The tuning of the 105 operative parameters of the ANFIS model has been made using the hybrid algorithm proposed by J.S. Roger, with a representative data set of 300 steps of 3 s each one, providing an acceptable estimation error after <80 iterations [12, 15].

Figure 8 presents the ANFIS estimation surface obtained, showing its high smoothness and nonlinearity.

Fig. 8
figure 8

ANFIS estimation surface

The experimental validation of the proposed ANFIS model has been made in an industrial medium power TEM01* CO2 laser resonator, which allows to directly compare the estimation provided by the model with the real response of the plant, once filtered.

Figure 9 shows a systematic validation test, where have been applied several steps to the laser power, proving the excellent reliability and adjustment degree of the proposed ANFIS model. In order to minimize the sensor noise, a first order digital Butterworth filter with a cut-off frequency of 25 Hz has been implemented in the data acquisition program, filter that is also used during the normal operation of the plant [24].

Fig. 9
figure 9

ANFIS model response

4 Conclusions

The development and implementation of an efficient real time monitoring and control system for highly complex processes like laser surface treatments constitutes an important technological challenge, being critical a representative model of the process.

Due to its high nonlinearity and complexity, it is not possible to obtain a direct analytical model, being necessary to resort to approximate numerical solutions methods, with a high simulation time. Consequently in order to develop a real time simulation model, it is essential to resort to the ultimate nonlinear advanced modeling and control techniques, as the proposed neurofuzzy ANFIS model.

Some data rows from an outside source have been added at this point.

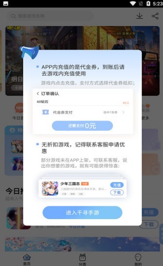 千寻手游是一款非常不错的专业的折扣手游平台,致力于为手游玩家提供最直接、最大力度的手游福利,不仅拥有海量低折扣游戏等你来玩,还有充值、返现、积分兑商品等福利,让你玩游戏更加实惠,并且每天平台都有丰厚的礼包和福利供你领取,感兴趣的用户快来下载体验吧!
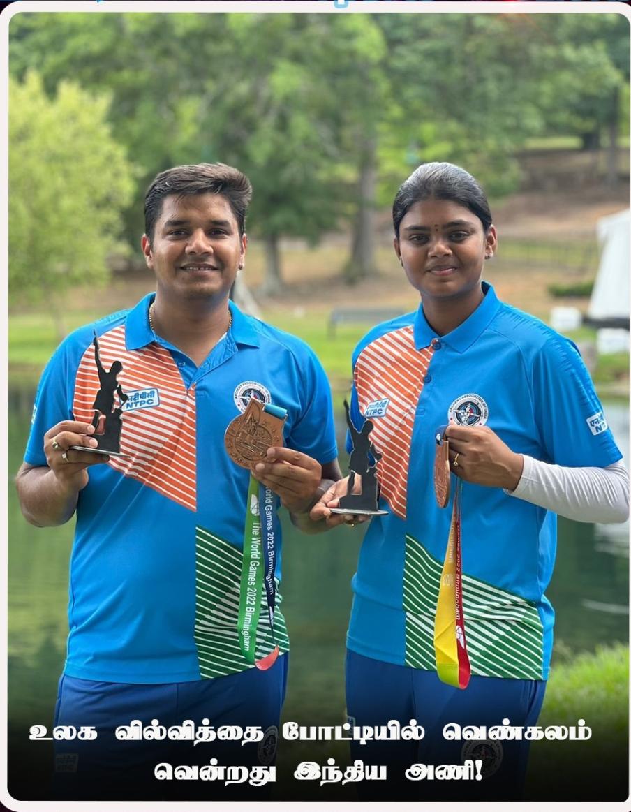 பர்மிங்காமில் நடைபெற்ற உலக வில்வித்தை போட்டியில் இந்திய அணி வெண்கலப் பதக்கம் வென்றது. அபிஷேக் வர்மா, ஜோதி சுரேகா ஆகியோர் அடங்கிய இந்திய அணி வெண்கலப்பதக்கம் வென்றுள்ளது.
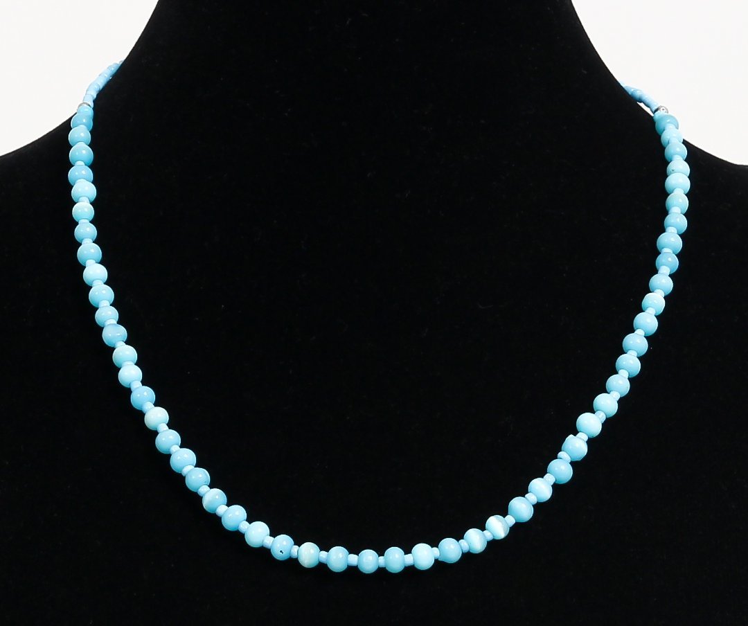 Collier ethnique artisanal imitation perles bleues claires agrémentées d'autres petites perles en métal - REF. 18970 (14.00 €)

Even when the training process of the developed neurofuzzy model has been relatively long and complex, being necessary a high number of input–output data, whose experimental acquisition can be not easy, once concluded, the simulation time of any treatment is minimum.

The proposed neurofuzzy model allows reducing the simulation time from the 3.5 s required to directly evaluate the Green’s function model in Matlab and the 0.12 s required to evaluate the model in C++ to the 0.003 s required to evaluate the ANFIS model in Matlab.

Considering that the fast system response imposes in order to minimize the information loose intrinsic to the system sampling, an extremely short sampling period, 10 ms, this model is approximated three times faster than the control system [2, 3]. Consequently it is completely possible the implementation of the proposed ANFIS model in a real time monitoring and control system, constituting the basis of an expert supervision system, allowing detecting and correcting any failure during the treatment.